If we were to add even more data points, the learning curve for the more complicated model would eventually converge.

Plotting a learning curve for your particular choice of model and dataset can help you to make this type of decision about how to move forward in improving your analysis.

The trade-off between bias and variance, and its dependence on model complexity and training set size.

In practice, models generally have more than one knob to turn

  • plots of validation and learning curves change from lines to multi-dimensional surfaces.
    • such visualizations are difficult
    • we would rather simply find the particular model that maximizes the validation score.

Scikit-Learn provides automated tools to do this in the grid search module.

Here is an example of using grid search to find the optimal polynomial model.

We will explore a three-dimensional grid of model features;

  • the polynomial degree,
  • the flag telling us whether to fit the intercept
  • the flag telling us whether to normalize the problem.

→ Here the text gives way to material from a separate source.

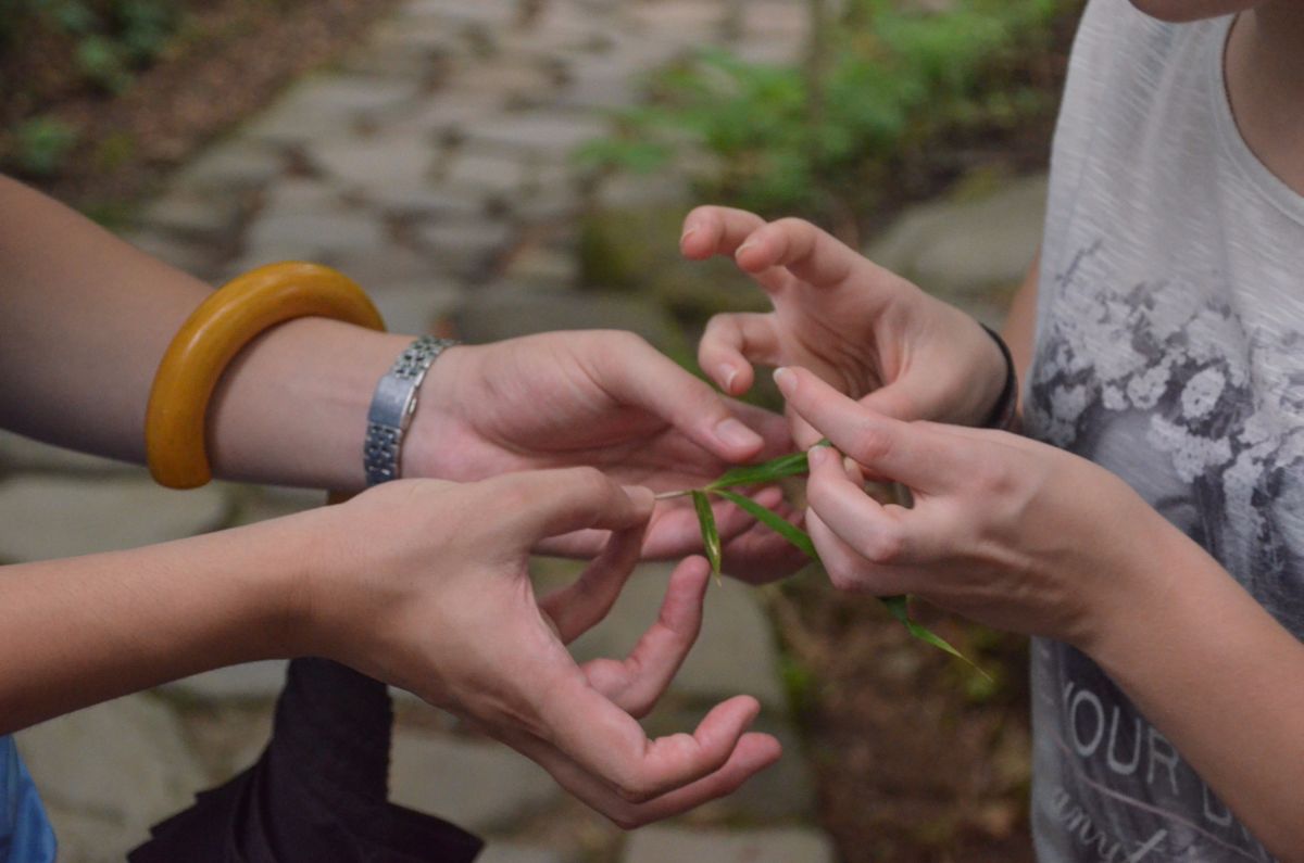 - Pärchen müssen mit Daumen und kleinem Finger Bambusblätter knoten um herauszufinden wie gut ihr Teamwork istt

This can be set up using Scikit-Learn's GridSearchCV meta-estimator:


In [42]:
from sklearn.grid_search import GridSearchCV

param_grid = {'polynomialfeatures__degree': np.arange(21),
              'linearregression__fit_intercept': [True, False],
              'linearregression__normalize': [True, False]}

grid = GridSearchCV(PolynomialRegression(), param_grid, cv=7)

Notice that like a normal estimator, this has not yet been applied to any data.

Calling the fit() method will fit the model at each grid point, keeping track of the scores along the way:


In [43]:
grid.fit(X, y);

Now that this is fit, we can ask for the best parameters as follows:


In [44]:
grid.best_params_


Out[44]:
{'linearregression__fit_intercept': False,
 'linearregression__normalize': True,
 'polynomialfeatures__degree': 4}

Finally, if we wish, we can use the best model and show the fit to our data using code from before:


In [45]:
model = grid.best_estimator_

plt.scatter(X.ravel(), y)
lim = plt.axis()
y_test = model.fit(X, y).predict(X_test)
plt.plot(X_test.ravel(), y_test, hold=True);
plt.axis(lim);


The grid search provides many more options, including the ability

  • to specify a custom scoring function,
  • to parallelize the computations,
  • to do randomized searches, and more.

For information, see the examples in In-Depth: Kernel Density Estimation and Feature Engineering: Working with Images, or refer to Scikit-Learn's grid search documentation.

Summary

In this section, we have begun to explore the concept of model validation and hyperparameter optimization, focusing on intuitive aspects of the bias–variance trade-off and how it comes into play when fitting models to data.

In particular, we found that the use of a validation set or cross-validation approach is vital when tuning parameters in order to avoid over-fitting for more complex/flexible models.